Modernism and Design in Turin and Milan is due to run in October 2021, and will include a visit to Olivetti at Ivrea. Contact us to register your interest.

Founded in 1908, at Ivrea (north of Turin), by engineer Camillo Olivetti, first as an importer of American typewriters and later as a manufacturer of its own products, Olivetti was undoubtedly one of the most important Italian companies, above all, between 1945 and 1960. It was renowned not just for the excellence of its typewriters and electro-mechanical calculators, but also the exemplary way in which the company treated its staff. No other Italian company came close to matching Olivetti’s corporate beneficence during this period. The person at the helm of the company from 1938 until his early death from a heart attack in 1960 was Adriano Olivetti, Camillo’s son, who re-energised the company’s fortunes after 1945, following his return to Italy after exile in Switzerland, having been branded a ‘subversive’ by the Fascist government.
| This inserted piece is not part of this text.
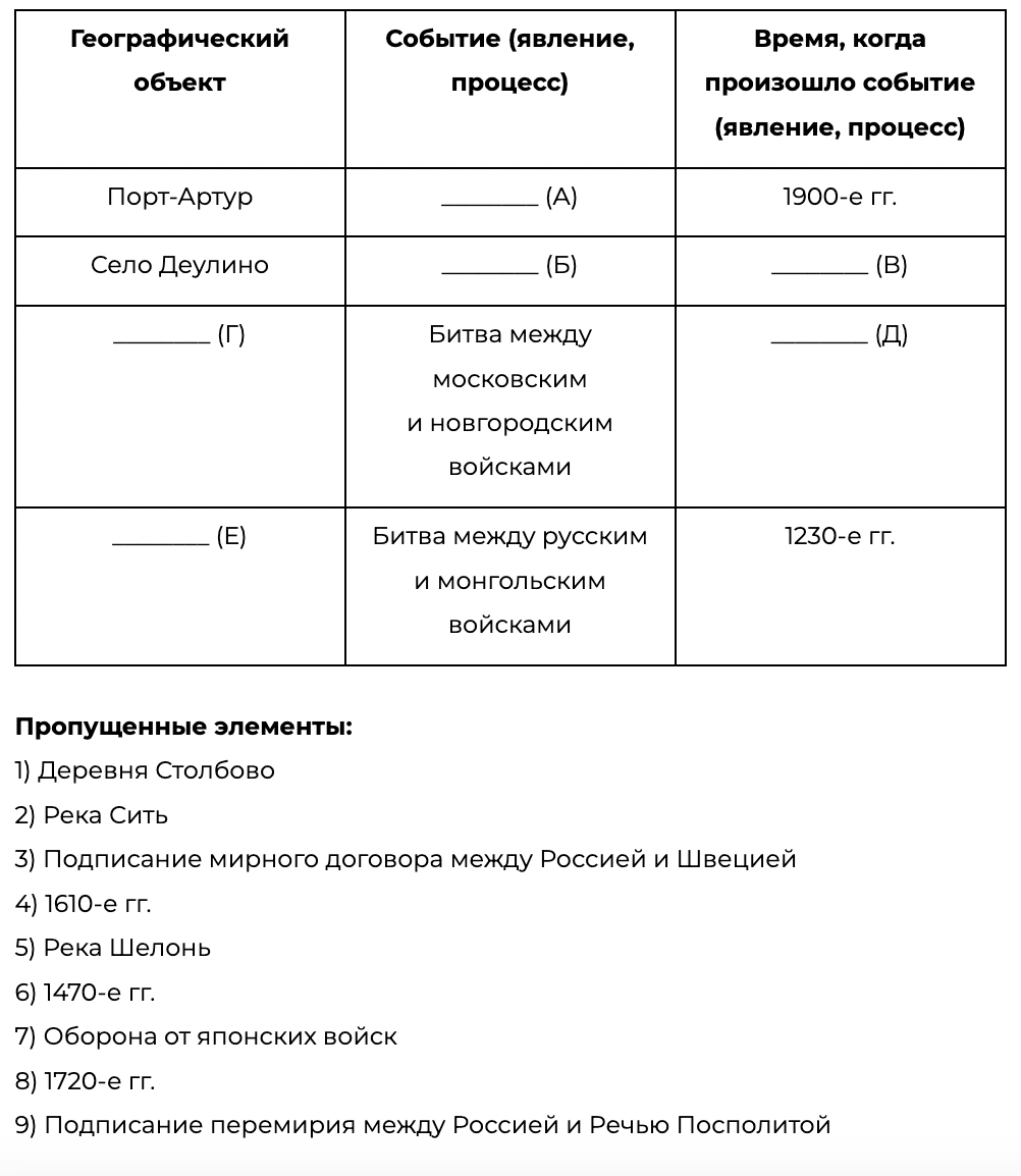 Заполните пустые ячейки таблицы, используя приведённый ниже список пропущенных элементов: для каждого пропуска, обозначенного буквой, выберите номер нужного элемента.

During his years in exile, Adriano Olivetti developed his theories for a new civil society, which he called comunità. The literal translation of ‘Comunità’ as ‘Community’, does not do justice to its full Italian meaning from a sociological point of view, or as Adriano Olivetti intended. His manifesto called for defined social entities that were economically self-sufficient, where political and social change could be effected through communitarian action, and through a positive dialectic between companies and their workers. The Olivetti factory and its housing and community projects made manifest Adriano’s ideas in microcosm. He worked with leading contemporary architects to produce beautifully designed and constructed buildings. In 2018, UNESCO classified the former Olivetti site as being of Outstanding Universal Value.

Olivetti’s factories had large windows, allowing light to pour into the workshops. Production processes were efficiently organised, and workers were able to look out on to landscaped gardens, some with views to the Alps. Employees also had excellent benefits, including sick pay, maternity leave, and generous pensions. There were also schools for the children of its workers, high-quality employee housing, company holiday resorts, a factory shutdown during July, cultural services (such as libraries), social services and healthcare provision, and apprentice training schemes. From a business perspective, these policies were a resounding success, resulting in significantly increased productivity. With business booming, its superbly-engineered, beautifully designed products were exported globally in vast numbers.

Close collaboration between the designers and mechanical engineers was encouraged at Olivetti. For example, the designer, Marcello Nizzoli, worked closely with engineers Natale Capellaro and Giuseppe Beccio. It is these engineers whose names appear in the patents associated with famous Olivetti products, such as the Lettera 22 portable typewriter, but which are generally shown in books as having been designed solely by Marcello Nizzoli. The story of Natale Capellaro (1902-1977) is fascinating, because he was originally taken on as a ‘garzone’, or factory boy, but worked his way up to director of Olivetti’s technical division.

Olivetti 22 portable typewriter.

Olivetti’s product designs from the 1940s to the 60s grace museum collections around the world, including the V&A in London and New York’s MoMA. In 1959, in an international poll of top architects and designers by the Illinois Institute of Technology, the Olivetti Lettera 22 was named winner of ‘The best designed product of the last 100 years’. Among the famous owners of a Lettera 22 were Leonard Cohen, Sylvia Plath, Gore Vidal, and Luchino Visconti. In the ten years from 1950, 200,000 Lettera 22 portable typewriters were sold annually. Today, owners of this sublimely elegant piece of communication history include Tom Hanks and the author of this piece!